Retiring as a sergeant in the US Army Air Force, Starcer was a line mechanic and artist for the 91st Bombardment Group (Heavy), of the VIII Bomber Command, Eighth Army Air Force, based at Bassingbourn, UK in 1942–43. 

He painted many pieces of nose art on the Fortresses of "The Ragged Irregulars", including the George Petty girl "Telephone Girl" for the Memphis Belle. The 91st Bombardment Group (H) website lists 124 aircraft that his work adorned.

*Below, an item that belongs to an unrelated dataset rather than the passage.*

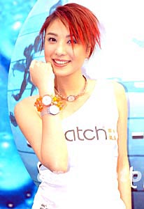 歌星鄭希怡2月12日在香港出席品牌SWATCH 2004春夏腕表系列發(fā)布會(huì),鄭希怡為SWATCH展示新系列腕表。作者:鄧慶樂(lè)
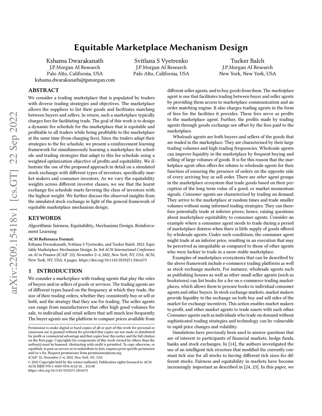 We consider a trading marketplace that is populated by traders with diverse trading strategies and objectives. The marketplace allows the suppliers to list their goods and facilitates matching between buyers and sellers. In return, such a marketplace typically charges fees for facilitating trade. The goal of this work is to design a dynamic fee schedule for the marketplace that is equitable and profitable to all traders while being profitable to the marketplace at the same time (from charging fees). Since the traders adapt their strategies to the fee schedule, we present a reinforcement learning framework for simultaneously learning a marketplace fee schedule and trading strategies that adapt to this fee schedule using a weighted optimization objective of profits and equitability. We illustrate the use of the proposed approach in detail on a simulated stock exchange with different types of investors, specifically market makers and consumer investors. As we vary the equitability weights across different investor classes, we see that the learnt exchange fee schedule starts favoring the class of investors with the highest weight. We further discuss the observed insights from the simulated stock exchange in light of the general framework of equitable marketplace mechanism design.

In 1981, Starcer recreated his nose art at Dover Air Force Base, Delaware, for restored B-17G Shoo Shoo Baby, one of the few surviving combat veteran Flying Fortresses, based on Alberto Vargas' "Hawaii" Esquire pin up art. This B-17 flew 24 combat missions from England with the 91st BG, plus three aborts for mechanical problems, before being listed as missing in action on 29 May 1944. On its final mission, to the Focke Wulf aircraft component factory at Poznań, Poland, it crash-landed at Malmö Airport, Sweden, where it would see post-war service before becoming a museum piece.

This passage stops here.